Each entry in a data segment is four bytes long. The entire first segment is four bytes long and contains the 2's complement representation of the number 60. It's a constant data segment and so memory write operations will fail at runtime.

The second segment is twelve byte long and consists of the address of the MyClass.Start function, followed by the address of the MyClass.Finish function, followed by the 2's complement representation of the number -1. This is a variable data segment and can be written to at runtime.

The two data labels, MinutesPerHour and MyClass.FunctionTable, can be used in other places in the program.

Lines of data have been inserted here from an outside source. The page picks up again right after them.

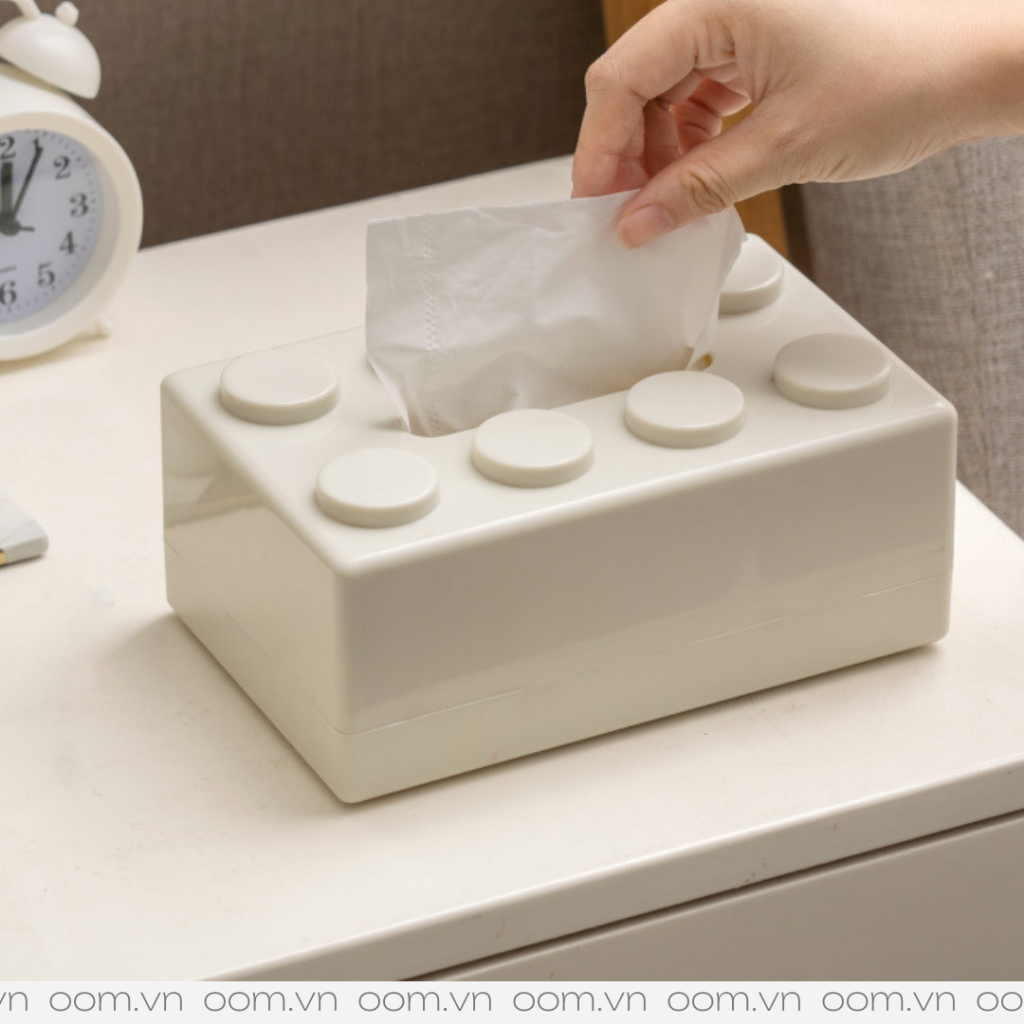 Như một miếng Lego khổng lồ, bạn vừa có thể decor vừa là hộp khăn giấy rút tiện dụng. Hộp Lero còn đi kèm miếng dán, giúp bạn có thể cố định hộp vào mọi mặt phẳng. Bên trong hộp sẽ có lò xo giúp nâng giấy lên vô cùng tiện lợi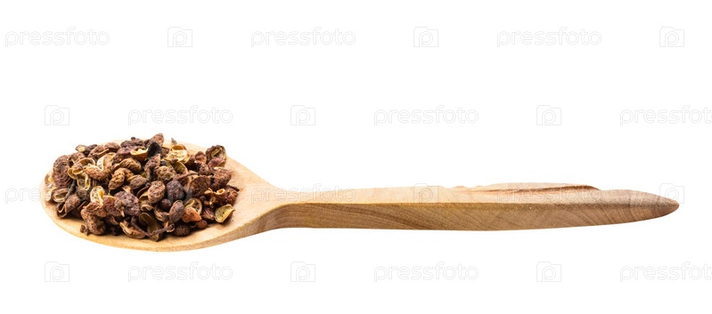 Розовый сычуаньский перец в деревянной ложке изолирован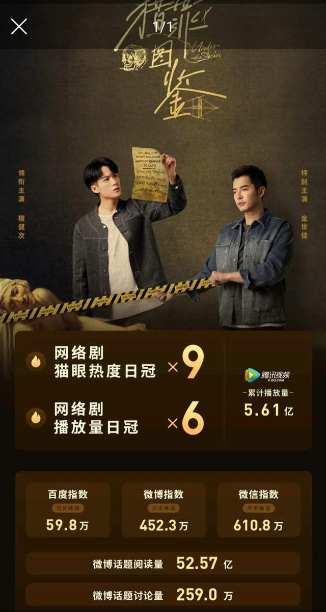 《獵罪圖鑒》剛上線(xiàn)時(shí),也很受爭(zhēng)議,口碑兩極化,有的觀(guān)眾認(rèn)為該劇節(jié)奏明快,案子要講的故事也算新穎,但也有的觀(guān)眾認(rèn)為該劇破案過(guò)程太簡(jiǎn)單,還總是依靠男主的畫(huà)像才破案,覺(jué)得太傳奇,然而,無(wú)論觀(guān)眾爭(zhēng)議如何,《獵罪圖鑒》的熱度卻是上去了,不但連續(xù)9日奪得貓眼熱度的日冠軍,播放量也連續(xù)6日奪冠。微博話(huà)題閱讀量52億之多。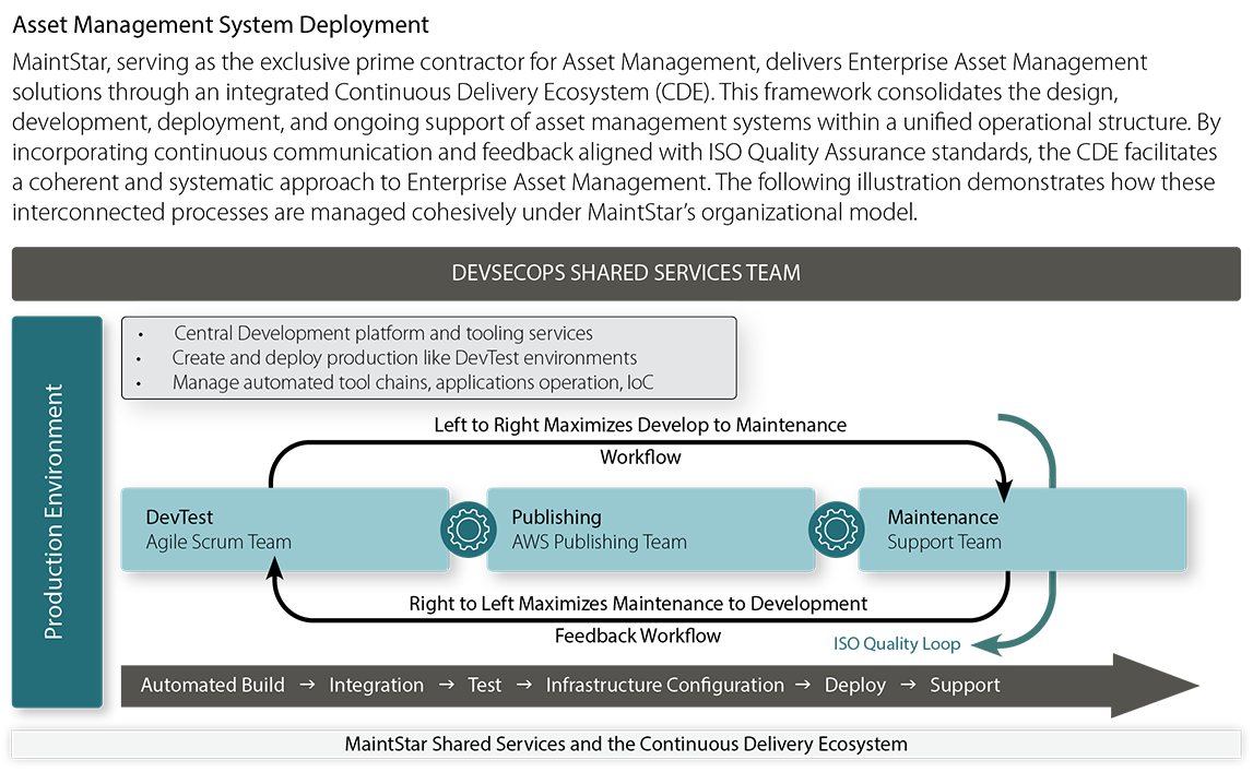 Your firm supplies advanced cloud-based software. Your company develops, publishes, and supports your solutions as the primary sole contractor. Your advantage over alternative teaming or competitive solutions requiring a third party for support may not at first appear obvious to the reader. Your RFP writer crafts language to describe the value of all teams working under the same corporate umbrella, using the same tools, and having the same access to field data issues and feedback. The writer wants to express the advantages of an International Standards Organization (ISO) compliance quality assurance model through customer field data immediately available to development (which is very difficult for teaming proposals to match). To keep the writing concise, an infographic provides most of the information.

All values (integers and addresses) are four bytes long.

Functions.
The syntax for a function definition is:

func FunctionLabel(params...)
body...

Each line of the body of a function is one of:
- code label: Label:
- assignment: Location = Value
- branch: if Value goto CodeAddress
- goto: goto CodeAddress
- function call: call FunctionAddress (Args...)
- function return: ret Value
- call to built-in operation: OpName (Args...)

Assignment.
There are three distinct types of assignment. The first is variable assignment:

Var = Value
Here, Value is either an integer literal, a string literal, a variable name, or a label reference :Label.

For example:
a = 12              Store the integer literal 12 into variable a.
a = "abc"           Store the string abc into variable a.
a = sum             Copy the value in variable sum into variable a.
a = :Factorial      Store the address of the label Factorial into variable a.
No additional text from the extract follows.